7. The patch antenna of any one of the preceding claims, wherein the electrical conductor comprises a generally linear electrically-conductive element.

8. The patch antenna of claim 7, wherein the generally linear electrically-conductive element comprises a metal pin having a round cross-sectional shape and a flattened head at an upper portion of the electrical conductor soldered to the antenna structure of the patch antenna.

9. The patch antenna of any one of the preceding claims, wherein:

the patch antenna is configured to be operable for receiving Satellite Digital Audio Radio Service (SDARS) signals; and/or

the dielectric resonator probe is configured to be operable as a single probe feed of a feed mechanism for the patch antenna.

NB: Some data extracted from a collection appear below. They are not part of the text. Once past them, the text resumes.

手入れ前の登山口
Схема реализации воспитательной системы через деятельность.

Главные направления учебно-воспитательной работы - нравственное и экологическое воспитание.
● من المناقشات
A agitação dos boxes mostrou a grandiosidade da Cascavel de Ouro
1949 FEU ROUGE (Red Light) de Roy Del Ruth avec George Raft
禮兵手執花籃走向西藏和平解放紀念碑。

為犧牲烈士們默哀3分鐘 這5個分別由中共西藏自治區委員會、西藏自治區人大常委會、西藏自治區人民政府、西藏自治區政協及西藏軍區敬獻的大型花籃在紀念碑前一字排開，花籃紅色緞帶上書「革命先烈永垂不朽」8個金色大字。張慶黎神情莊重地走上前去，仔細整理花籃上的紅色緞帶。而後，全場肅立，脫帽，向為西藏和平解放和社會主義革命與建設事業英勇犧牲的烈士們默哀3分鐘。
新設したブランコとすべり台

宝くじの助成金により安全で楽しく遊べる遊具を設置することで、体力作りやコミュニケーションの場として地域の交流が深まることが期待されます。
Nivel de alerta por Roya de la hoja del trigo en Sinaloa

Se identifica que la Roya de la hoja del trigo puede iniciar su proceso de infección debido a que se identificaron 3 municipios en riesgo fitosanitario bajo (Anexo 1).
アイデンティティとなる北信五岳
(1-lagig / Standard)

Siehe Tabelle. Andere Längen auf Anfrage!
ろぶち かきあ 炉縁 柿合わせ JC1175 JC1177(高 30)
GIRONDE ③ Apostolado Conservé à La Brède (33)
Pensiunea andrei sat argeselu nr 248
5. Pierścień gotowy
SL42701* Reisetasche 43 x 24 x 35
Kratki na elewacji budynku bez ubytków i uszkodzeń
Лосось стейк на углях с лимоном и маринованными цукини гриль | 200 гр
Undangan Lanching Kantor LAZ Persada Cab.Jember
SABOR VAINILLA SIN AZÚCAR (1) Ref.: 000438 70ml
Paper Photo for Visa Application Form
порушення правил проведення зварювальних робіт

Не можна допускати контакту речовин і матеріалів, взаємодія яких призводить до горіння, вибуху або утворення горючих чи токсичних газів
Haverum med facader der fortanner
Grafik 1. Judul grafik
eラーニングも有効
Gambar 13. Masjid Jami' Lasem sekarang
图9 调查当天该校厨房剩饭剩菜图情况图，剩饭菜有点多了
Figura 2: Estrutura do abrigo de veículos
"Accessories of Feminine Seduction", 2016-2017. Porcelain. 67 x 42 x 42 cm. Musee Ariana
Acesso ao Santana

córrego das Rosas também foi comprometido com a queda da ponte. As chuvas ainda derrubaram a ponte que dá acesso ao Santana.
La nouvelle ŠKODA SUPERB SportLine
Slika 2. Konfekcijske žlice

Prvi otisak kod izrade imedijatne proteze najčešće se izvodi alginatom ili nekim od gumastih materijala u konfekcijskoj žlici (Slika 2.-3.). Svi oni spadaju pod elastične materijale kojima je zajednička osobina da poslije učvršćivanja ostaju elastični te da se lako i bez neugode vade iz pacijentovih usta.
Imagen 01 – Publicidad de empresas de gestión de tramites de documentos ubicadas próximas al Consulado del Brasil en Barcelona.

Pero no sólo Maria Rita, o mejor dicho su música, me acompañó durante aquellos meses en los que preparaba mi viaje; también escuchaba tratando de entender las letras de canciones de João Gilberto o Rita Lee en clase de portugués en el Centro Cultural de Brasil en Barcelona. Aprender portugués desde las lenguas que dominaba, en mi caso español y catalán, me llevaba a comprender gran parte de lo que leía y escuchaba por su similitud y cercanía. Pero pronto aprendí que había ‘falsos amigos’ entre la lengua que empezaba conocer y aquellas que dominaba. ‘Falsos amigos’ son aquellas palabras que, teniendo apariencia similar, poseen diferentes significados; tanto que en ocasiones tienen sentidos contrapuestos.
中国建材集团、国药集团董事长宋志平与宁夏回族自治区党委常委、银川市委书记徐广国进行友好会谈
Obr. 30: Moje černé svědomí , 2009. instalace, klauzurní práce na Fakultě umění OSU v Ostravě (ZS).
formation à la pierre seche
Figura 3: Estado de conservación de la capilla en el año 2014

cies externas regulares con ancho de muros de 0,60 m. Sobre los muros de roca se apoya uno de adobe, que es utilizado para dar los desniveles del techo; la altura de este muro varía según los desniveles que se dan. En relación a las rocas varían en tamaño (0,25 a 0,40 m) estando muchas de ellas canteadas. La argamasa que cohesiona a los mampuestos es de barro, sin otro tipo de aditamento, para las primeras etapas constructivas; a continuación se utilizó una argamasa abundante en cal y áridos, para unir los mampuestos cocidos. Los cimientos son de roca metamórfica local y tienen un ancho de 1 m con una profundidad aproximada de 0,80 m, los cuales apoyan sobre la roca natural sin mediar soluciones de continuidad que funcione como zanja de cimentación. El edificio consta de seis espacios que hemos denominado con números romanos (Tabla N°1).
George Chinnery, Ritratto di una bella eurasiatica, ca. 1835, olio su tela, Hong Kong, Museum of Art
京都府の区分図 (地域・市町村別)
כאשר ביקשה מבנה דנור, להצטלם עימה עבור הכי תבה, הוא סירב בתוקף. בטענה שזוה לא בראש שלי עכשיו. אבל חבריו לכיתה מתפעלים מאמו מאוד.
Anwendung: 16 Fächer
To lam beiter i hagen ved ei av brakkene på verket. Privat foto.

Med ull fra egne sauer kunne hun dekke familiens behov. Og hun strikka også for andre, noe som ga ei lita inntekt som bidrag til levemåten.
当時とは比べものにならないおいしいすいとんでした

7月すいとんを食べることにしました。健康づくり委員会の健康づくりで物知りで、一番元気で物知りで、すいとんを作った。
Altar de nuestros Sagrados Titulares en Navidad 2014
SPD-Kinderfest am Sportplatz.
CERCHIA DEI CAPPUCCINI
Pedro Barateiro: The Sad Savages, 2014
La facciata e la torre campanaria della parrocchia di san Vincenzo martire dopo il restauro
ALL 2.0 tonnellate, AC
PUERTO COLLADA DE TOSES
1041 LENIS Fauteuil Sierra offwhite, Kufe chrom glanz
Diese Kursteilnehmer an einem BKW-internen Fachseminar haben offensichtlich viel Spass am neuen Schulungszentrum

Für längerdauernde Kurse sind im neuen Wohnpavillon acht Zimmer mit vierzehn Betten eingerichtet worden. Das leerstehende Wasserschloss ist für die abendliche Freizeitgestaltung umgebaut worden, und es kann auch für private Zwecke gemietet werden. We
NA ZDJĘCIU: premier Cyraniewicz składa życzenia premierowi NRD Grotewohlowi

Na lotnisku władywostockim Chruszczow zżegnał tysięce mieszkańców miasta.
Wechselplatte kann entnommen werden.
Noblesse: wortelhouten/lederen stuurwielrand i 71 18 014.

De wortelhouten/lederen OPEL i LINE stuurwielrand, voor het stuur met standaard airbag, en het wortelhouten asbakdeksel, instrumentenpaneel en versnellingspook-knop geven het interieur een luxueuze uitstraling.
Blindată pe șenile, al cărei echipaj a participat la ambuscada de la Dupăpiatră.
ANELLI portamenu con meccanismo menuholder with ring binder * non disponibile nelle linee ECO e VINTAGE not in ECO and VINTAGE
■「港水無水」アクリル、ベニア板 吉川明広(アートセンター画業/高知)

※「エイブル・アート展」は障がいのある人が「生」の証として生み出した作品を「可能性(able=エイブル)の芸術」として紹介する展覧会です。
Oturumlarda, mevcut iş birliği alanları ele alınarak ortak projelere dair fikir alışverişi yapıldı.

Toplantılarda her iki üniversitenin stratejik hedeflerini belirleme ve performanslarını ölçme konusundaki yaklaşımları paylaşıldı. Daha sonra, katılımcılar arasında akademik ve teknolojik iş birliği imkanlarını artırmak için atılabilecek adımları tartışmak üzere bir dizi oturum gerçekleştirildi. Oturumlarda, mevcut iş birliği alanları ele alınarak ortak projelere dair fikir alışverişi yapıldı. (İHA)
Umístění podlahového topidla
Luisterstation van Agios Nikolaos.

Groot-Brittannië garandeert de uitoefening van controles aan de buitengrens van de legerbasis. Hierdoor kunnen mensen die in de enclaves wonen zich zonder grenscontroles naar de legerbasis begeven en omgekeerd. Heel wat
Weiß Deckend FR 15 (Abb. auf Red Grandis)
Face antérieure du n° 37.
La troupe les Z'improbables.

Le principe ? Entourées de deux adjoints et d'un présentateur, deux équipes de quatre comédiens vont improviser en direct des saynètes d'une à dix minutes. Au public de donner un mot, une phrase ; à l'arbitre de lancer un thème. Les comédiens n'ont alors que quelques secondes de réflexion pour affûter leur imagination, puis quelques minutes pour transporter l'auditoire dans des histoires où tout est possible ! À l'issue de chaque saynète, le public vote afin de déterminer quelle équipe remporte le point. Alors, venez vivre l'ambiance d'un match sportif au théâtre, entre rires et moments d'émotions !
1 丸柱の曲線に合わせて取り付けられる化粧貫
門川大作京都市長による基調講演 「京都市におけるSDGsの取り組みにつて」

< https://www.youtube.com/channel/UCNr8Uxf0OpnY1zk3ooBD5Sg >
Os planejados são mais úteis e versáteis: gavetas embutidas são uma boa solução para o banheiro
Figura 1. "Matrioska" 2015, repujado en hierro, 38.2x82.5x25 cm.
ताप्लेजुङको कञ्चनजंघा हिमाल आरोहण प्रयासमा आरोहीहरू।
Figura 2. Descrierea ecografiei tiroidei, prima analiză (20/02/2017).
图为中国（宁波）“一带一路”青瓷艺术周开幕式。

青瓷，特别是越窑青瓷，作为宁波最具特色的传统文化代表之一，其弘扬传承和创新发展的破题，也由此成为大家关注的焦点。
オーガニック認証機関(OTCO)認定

10. The patch antenna of any one of the preceding claims, wherein the electrical conductor is tunable for one or more out-of-band frequencies before the electrical conductor is added to the patch antenna and/or before the dielectric material is disposed generally around the electrical conductor, to thereby enable the patch antenna to have a narrower bandwidth with passive rejection at the one or more out-of-band frequencies and decrease susceptibility to specific bands of interference.

11. A vehicular antenna assembly including the patch antenna assembly of any one of the preceding claims.

12. The vehicular antenna assembly of claim 11, wherein:

the patch antenna is a first patch antenna configured to be operable for receiving first satellite signals; and the vehicular antenna assembly further comprises a second patch antenna configured to be operable for receiving second satellite signals different than the first satellite signals, the second patch antenna horizontally spaced apart from the first patch antenna or in a stacked arrangement with the second patch antenna stacked on top of the first patch antenna.